- _SUPPLIED RECORDS_:
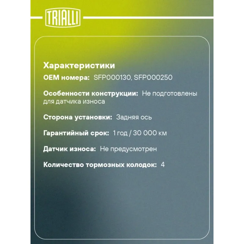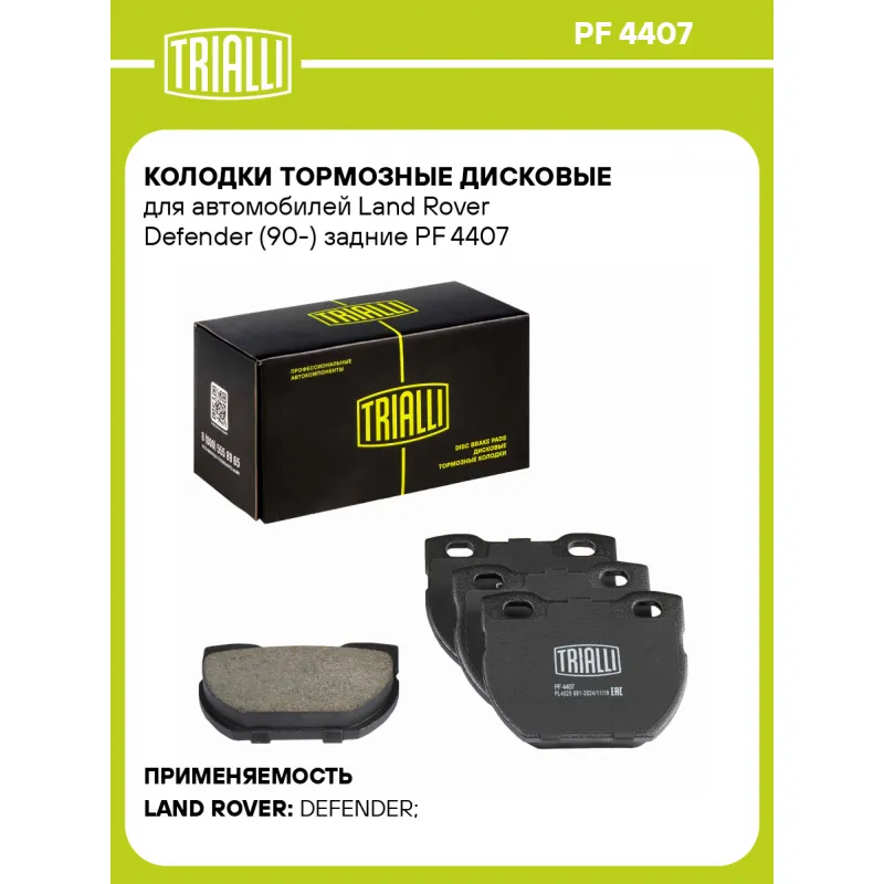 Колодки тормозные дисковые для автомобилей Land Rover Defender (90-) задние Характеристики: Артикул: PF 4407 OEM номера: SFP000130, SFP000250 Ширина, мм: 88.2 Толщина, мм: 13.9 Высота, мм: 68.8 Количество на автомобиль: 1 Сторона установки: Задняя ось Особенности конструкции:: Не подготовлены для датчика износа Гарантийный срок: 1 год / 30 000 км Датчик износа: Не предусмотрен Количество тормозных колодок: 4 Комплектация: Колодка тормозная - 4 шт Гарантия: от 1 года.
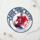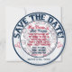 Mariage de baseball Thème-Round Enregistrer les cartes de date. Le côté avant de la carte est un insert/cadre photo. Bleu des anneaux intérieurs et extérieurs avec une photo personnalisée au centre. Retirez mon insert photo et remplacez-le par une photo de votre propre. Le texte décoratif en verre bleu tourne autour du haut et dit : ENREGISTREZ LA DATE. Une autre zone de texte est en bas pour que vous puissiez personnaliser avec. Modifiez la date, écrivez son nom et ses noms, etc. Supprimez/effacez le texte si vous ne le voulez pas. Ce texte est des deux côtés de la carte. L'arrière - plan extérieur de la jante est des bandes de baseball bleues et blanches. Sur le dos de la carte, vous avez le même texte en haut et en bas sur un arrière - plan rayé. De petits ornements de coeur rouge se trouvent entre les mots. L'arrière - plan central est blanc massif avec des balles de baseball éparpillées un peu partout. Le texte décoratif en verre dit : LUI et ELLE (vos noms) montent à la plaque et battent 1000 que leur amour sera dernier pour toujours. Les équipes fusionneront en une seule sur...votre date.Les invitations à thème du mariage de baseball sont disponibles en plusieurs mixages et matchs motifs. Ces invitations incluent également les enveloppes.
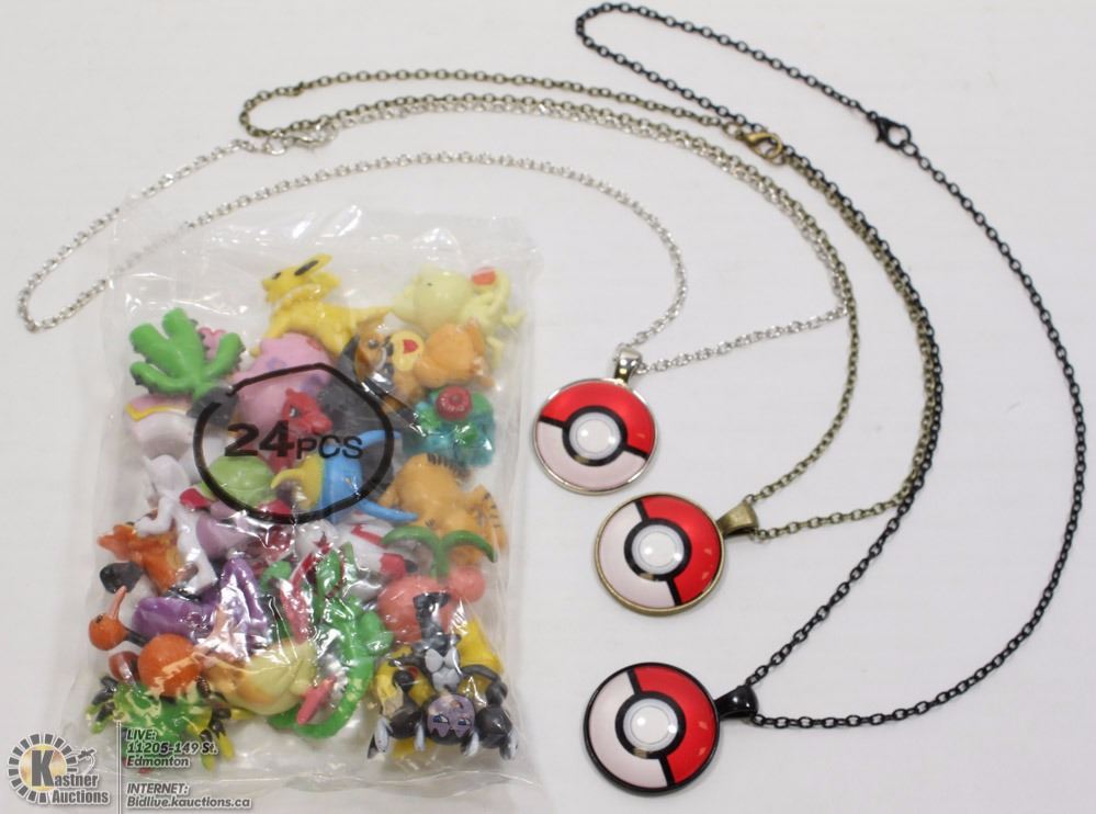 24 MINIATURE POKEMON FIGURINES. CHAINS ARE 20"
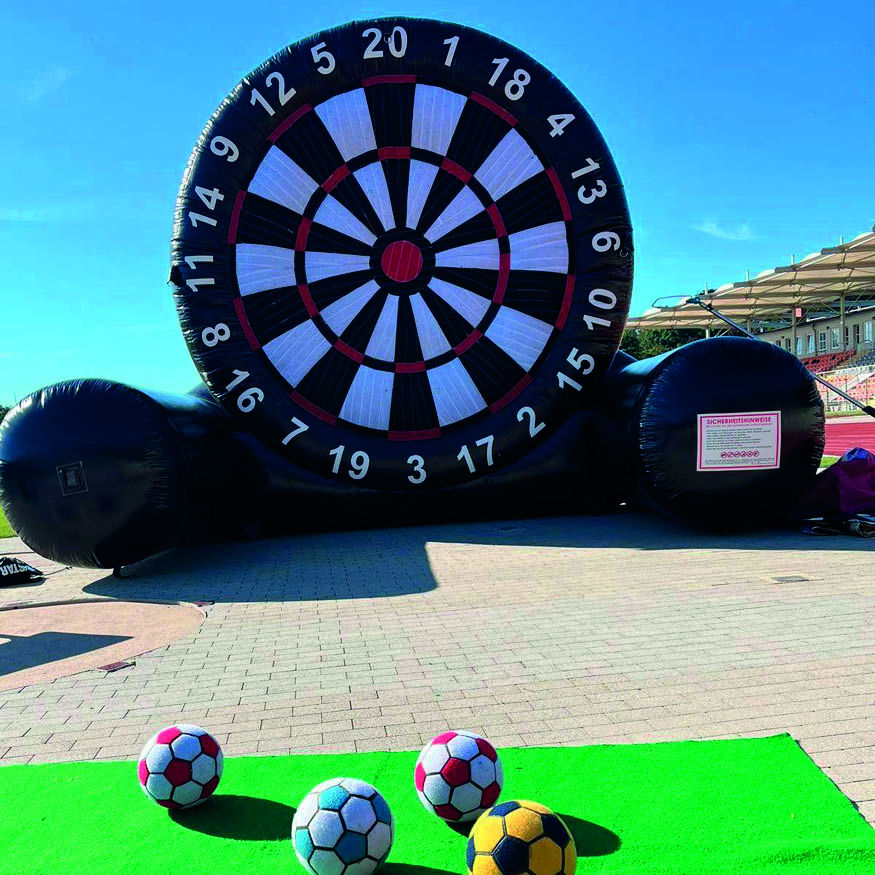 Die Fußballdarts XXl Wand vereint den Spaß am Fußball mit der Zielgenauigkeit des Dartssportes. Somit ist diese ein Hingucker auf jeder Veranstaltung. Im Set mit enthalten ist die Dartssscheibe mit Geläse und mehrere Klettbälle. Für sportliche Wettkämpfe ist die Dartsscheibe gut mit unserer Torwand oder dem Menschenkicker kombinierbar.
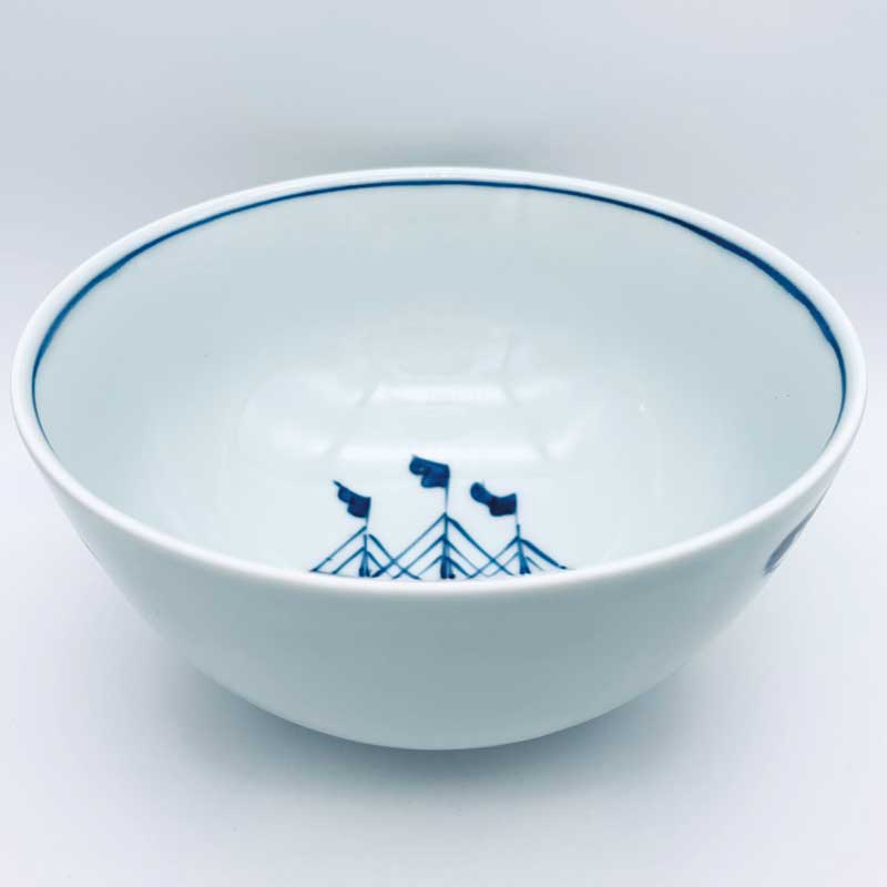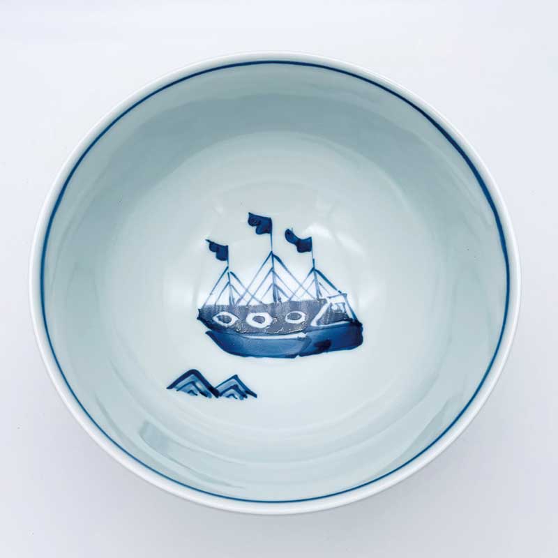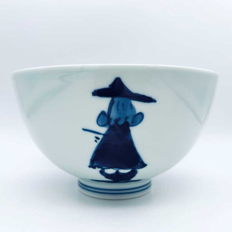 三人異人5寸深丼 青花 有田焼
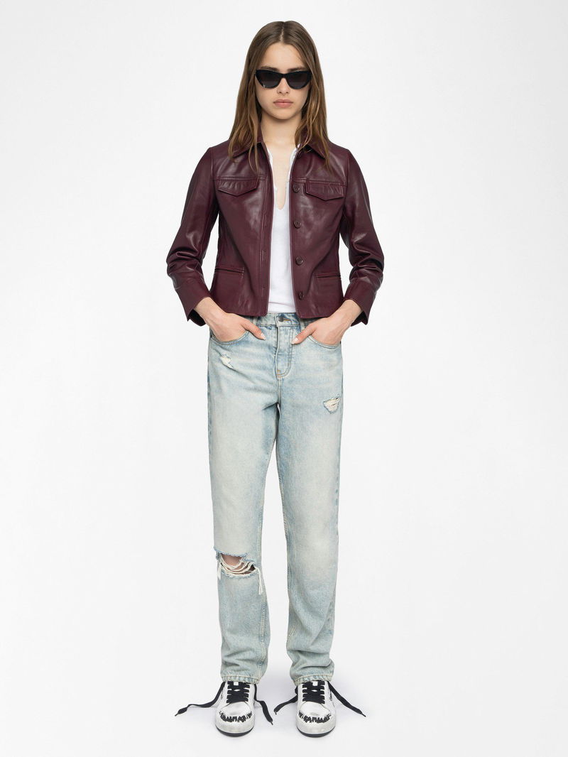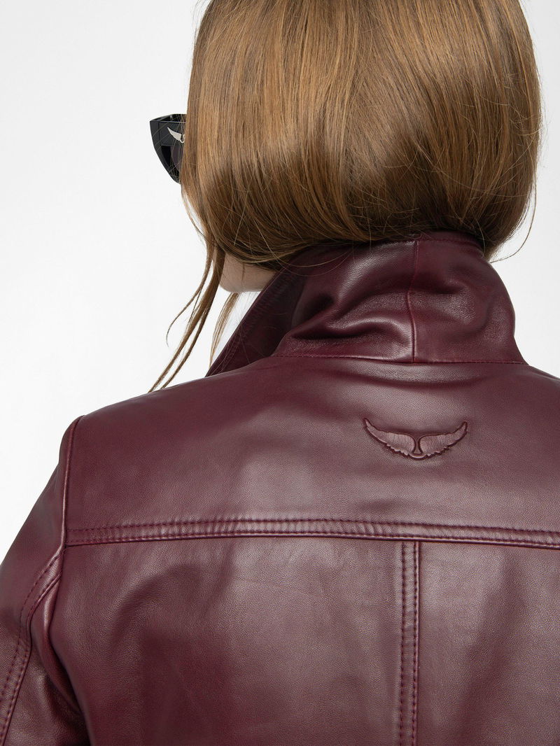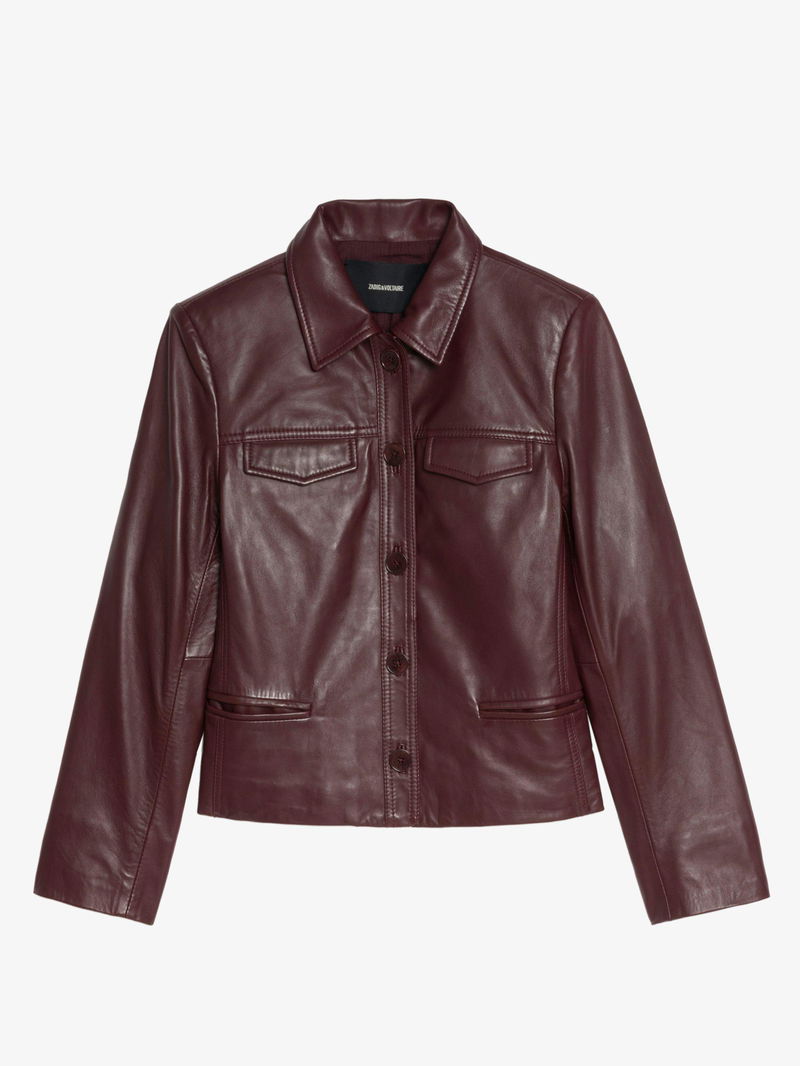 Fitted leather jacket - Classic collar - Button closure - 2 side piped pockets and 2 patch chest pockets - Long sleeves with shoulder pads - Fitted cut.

- _DIRECTIONS_: Copy exactly, and copy only, the lines from the one bearing "24 MINIATURE POKEMON" through the closing line of the material, with both ends kept and pictures removed.

- _ANSWER SECTION_:
 24 MINIATURE POKEMON FIGURINES. CHAINS ARE 20"
 Die Fußballdarts XXl Wand vereint den Spaß am Fußball mit der Zielgenauigkeit des Dartssportes. Somit ist diese ein Hingucker auf jeder Veranstaltung. Im Set mit enthalten ist die Dartssscheibe mit Geläse und mehrere Klettbälle. Für sportliche Wettkämpfe ist die Dartsscheibe gut mit unserer Torwand oder dem Menschenkicker kombinierbar.
 三人異人5寸深丼 青花 有田焼
 Fitted leather jacket - Classic collar - Button closure - 2 side piped pockets and 2 patch chest pockets - Long sleeves with shoulder pads - Fitted cut.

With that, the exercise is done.